WORK ITEM: Each line of the data should be transcribed exactly as given.

Data entries:
++++++++

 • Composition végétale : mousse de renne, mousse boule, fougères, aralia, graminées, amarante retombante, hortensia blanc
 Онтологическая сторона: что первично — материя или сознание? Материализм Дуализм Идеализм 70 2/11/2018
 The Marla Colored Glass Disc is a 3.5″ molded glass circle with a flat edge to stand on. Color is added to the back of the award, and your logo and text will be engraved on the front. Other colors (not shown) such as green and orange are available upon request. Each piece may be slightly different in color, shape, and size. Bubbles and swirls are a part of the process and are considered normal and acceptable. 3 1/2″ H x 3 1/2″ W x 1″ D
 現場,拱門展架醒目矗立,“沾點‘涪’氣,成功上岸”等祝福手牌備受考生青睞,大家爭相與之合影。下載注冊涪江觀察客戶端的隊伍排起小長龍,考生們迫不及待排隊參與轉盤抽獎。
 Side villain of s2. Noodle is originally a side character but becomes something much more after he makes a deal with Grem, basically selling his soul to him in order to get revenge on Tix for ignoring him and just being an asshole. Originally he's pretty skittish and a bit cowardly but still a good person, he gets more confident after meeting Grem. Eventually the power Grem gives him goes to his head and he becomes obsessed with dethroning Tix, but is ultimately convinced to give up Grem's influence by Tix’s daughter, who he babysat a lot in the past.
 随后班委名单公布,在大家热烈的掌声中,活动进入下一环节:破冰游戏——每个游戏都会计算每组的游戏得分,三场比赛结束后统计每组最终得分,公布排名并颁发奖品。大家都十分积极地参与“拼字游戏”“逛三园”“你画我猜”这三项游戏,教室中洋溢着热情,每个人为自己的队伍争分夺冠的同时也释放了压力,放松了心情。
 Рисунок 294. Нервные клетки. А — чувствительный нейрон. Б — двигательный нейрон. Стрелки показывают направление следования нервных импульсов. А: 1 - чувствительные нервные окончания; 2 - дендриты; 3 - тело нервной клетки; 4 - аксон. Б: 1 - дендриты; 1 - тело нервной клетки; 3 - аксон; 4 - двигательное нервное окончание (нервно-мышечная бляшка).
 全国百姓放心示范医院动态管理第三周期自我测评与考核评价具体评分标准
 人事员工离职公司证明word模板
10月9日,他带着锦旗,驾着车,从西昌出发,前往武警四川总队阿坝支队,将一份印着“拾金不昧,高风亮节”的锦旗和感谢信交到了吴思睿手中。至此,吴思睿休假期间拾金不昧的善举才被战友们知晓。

++++++++

WRITTEN ANSWER:
 • Composition végétale : mousse de renne, mousse boule, fougères, aralia, graminées, amarante retombante, hortensia blanc
 Онтологическая сторона: что первично — материя или сознание? Материализм Дуализм Идеализм 70 2/11/2018
 The Marla Colored Glass Disc is a 3.5″ molded glass circle with a flat edge to stand on. Color is added to the back of the award, and your logo and text will be engraved on the front. Other colors (not shown) such as green and orange are available upon request. Each piece may be slightly different in color, shape, and size. Bubbles and swirls are a part of the process and are considered normal and acceptable. 3 1/2″ H x 3 1/2″ W x 1″ D
 現場,拱門展架醒目矗立,“沾點‘涪’氣,成功上岸”等祝福手牌備受考生青睞,大家爭相與之合影。下載注冊涪江觀察客戶端的隊伍排起小長龍,考生們迫不及待排隊參與轉盤抽獎。
 Side villain of s2. Noodle is originally a side character but becomes something much more after he makes a deal with Grem, basically selling his soul to him in order to get revenge on Tix for ignoring him and just being an asshole. Originally he's pretty skittish and a bit cowardly but still a good person, he gets more confident after meeting Grem. Eventually the power Grem gives him goes to his head and he becomes obsessed with dethroning Tix, but is ultimately convinced to give up Grem's influence by Tix’s daughter, who he babysat a lot in the past.
 随后班委名单公布,在大家热烈的掌声中,活动进入下一环节:破冰游戏——每个游戏都会计算每组的游戏得分,三场比赛结束后统计每组最终得分,公布排名并颁发奖品。大家都十分积极地参与“拼字游戏”“逛三园”“你画我猜”这三项游戏,教室中洋溢着热情,每个人为自己的队伍争分夺冠的同时也释放了压力,放松了心情。
 Рисунок 294. Нервные клетки. А — чувствительный нейрон. Б — двигательный нейрон. Стрелки показывают направление следования нервных импульсов. А: 1 - чувствительные нервные окончания; 2 - дендриты; 3 - тело нервной клетки; 4 - аксон. Б: 1 - дендриты; 1 - тело нервной клетки; 3 - аксон; 4 - двигательное нервное окончание (нервно-мышечная бляшка).
 全国百姓放心示范医院动态管理第三周期自我测评与考核评价具体评分标准
 人事员工离职公司证明word模板
10月9日,他带着锦旗,驾着车,从西昌出发,前往武警四川总队阿坝支队,将一份印着“拾金不昧,高风亮节”的锦旗和感谢信交到了吴思睿手中。至此,吴思睿休假期间拾金不昧的善举才被战友们知晓。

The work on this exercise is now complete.